RP/0/RP0/CPU0:R1#sh flow platform pse policer-rate location 0/1/CPU0
Npu id :0
Netflow Platform Pse Policer Rate:
Ingress Policer Rate: 133 Mbps
Npu id :1
Netflow Platform Pse Policer Rate:
Ingress Policer Rate: 133 Mbps
Npu id :2
Netflow Platform Pse Policer Rate:
Ingress Policer Rate: 133 Mbps
Npu id :3
Netflow Platform Pse Policer Rate:
Ingress Policer Rate: 133 Mbps
RP/0/RP0/CPU0:R1#
We will come back later on this shaper since it will directly influence the netflow performance and capabilities.
Netflow principles
Netflow is a technology ratified as an IETF standards in 2004 via the RFC 3954 https://www.ietf.org/rfc/rfc3954.txt
It is used on routing devices to generate flow records from packet streams by extracting fields from sampled packets. A database, or cache, is used to store the current flows and their accounting information. Based on multiple criteria, we decide to “expire” a cache entry and generate a flow records which will be transmitted to an external collector.

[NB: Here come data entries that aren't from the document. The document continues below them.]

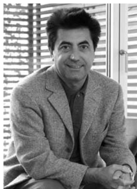
Designed by Italian architect Antonio Citterio (left), the new Hansgrohe Axor Citterio provides ergonomic design and water-saving technology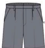
Grey Short Boys | Year 1 - Year 6 Compulsory AED 107-123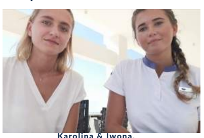
Tourism and recreation students

The process can be described as such:
1- we sample packets (1 packet every x)
2- we pick the first 128B of the packet and add internal header (total: 144B per sampled packet)
3- this sampled packet is passed to the LC CPU via the EPC switch
4- we extract information for the IP header
5- we create cache entries representing flow accounting
6- every time a sampled packet of the same flow is received, we update the cache entry
7- we maintain multiple timers and when one expires, a NF record is generated
8- we send the record to the external collector(s)

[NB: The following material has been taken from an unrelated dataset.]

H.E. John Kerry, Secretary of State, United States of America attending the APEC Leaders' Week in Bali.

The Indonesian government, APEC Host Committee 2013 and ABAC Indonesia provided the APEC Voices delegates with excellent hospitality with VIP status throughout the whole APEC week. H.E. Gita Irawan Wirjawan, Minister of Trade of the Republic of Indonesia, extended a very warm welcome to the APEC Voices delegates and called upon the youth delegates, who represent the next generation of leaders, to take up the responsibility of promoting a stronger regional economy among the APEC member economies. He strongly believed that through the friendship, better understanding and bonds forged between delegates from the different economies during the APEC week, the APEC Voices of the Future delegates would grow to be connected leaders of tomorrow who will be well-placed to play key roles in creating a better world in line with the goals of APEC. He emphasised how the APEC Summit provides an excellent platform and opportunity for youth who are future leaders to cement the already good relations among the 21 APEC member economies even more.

This concept of timers is very important since it will dictate how fast we flush the cache content, and inform the remote collector of the existence of a flow. In the case of DDoS attack detection, it’s key to speed up the process:
- Inactive timer represents the time without receiving a sampled packet matching a particular cache entry.
- Active timer, in the other hand, represents the maximum time of existence of a particular cache entry, even if we still receive sampled packets matching it.
The basic configuration for Netflow:
flow monitor-map monitor1
record ipv4
exporter export1
cache entries 1000000
cache timeout active 15
cache timeout inactive 2
cache timeout rate-limit 2000
!
flow exporter-map export1
version v9
options interface-table
options sampler-table
!
transport udp 9951
source Loopback0
destination 1.3.5.7
!
sampler-map sampler1
random 1 out-of 4000
!
interface HundredGigE0/7/0/0
flow ipv4 monitor monitor1 sampler sampler1 ingress
Several potential bottlenecks need to be understood when using Netflow in your networks.
- 133 Mbps or 200 Mbps shaper (not configurable)
This shaper will have a direct impact on the amount of sampled packets we can pass to the LC CPU:
133-200Mbps / [ ( packet size up to 101B + 43B ) * 8]
Ex: packets larger than 101 Bytes @ Layer2 will represent 133Mbps / (144*8) = 115,451 PPS per NPU
- Flow table size
Default 64k, configurable up to 1M per monitor-map
- Export rate-limiter
Default 2000 records / sec, configurable
Note: the export “rate-limiter” name is often creating confusion in operator’s mind because we will not “drop” records if we exceed this limit, but instead we will keep the entry longer in the cache despite the timer expiration. At the potential risk of reaching the maximum size of this cache.
Netflow processes
Several processes are involved in the Netflow operation and configuration. They are present in both Route Processor and Line Card.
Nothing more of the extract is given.